I give in, I've heard that there is a version played on the harmonium and penny whistle due to be issued shortly.


----------



## Andy Loochazee

I can't believe that playing the Arpeggione sonata on a 6 string guitar with a plucking action would generate anything like the right sound, compared with use of an arpeggione proper. What's missing using a cello instead of an arpeggione is of course a section of the higher registers caused by drop from 6 to 4 strings. To compensate for this, there have been a tiny few recordings using a piccolo cello, but I'm informed they sound rather naff. Like I said before, the Harrell/Levine recording using an ordinary cello is very good. The playing is as technically faultless as I far as my ears can judge, the emotional impact is faithful to good ol' Schubert, and the sound quality is good. The other version one I mentioned previously (Feuermann/Moore) earlier seems to be out of print, and having re-played this version it's not that good after all, so forget it.


----------



## Ukko

moody said:


> I give in, I've heard that there is a version played on the harmonium and penny whistle due to be issued shortly.
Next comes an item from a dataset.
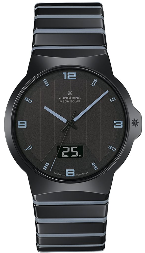 Nemecké hodinky Junghans Force Mega Solar 18/1400.44 zo série Performance majú kombinovaný analógový a digitálny ciferník, kde na prvý pohľad prevláda jednoduchosť a prehľadnosť.

I hope someone puts at least a teaser on YouTube; a minute ought to be enough.


----------



## elgar's ghost

Desperate attempt to find middle ground between new and old: can a Chapman Stick be played with a bow? :devil:

Strange how one of Schubert's more singular chamber works (as in instrumentation) is also one of his more overlooked. I'm guilty of it more than most as I rarely see beyond the octet, 'trout', late quartets, piano trios and quintet, yet the AS is a fine work.


----------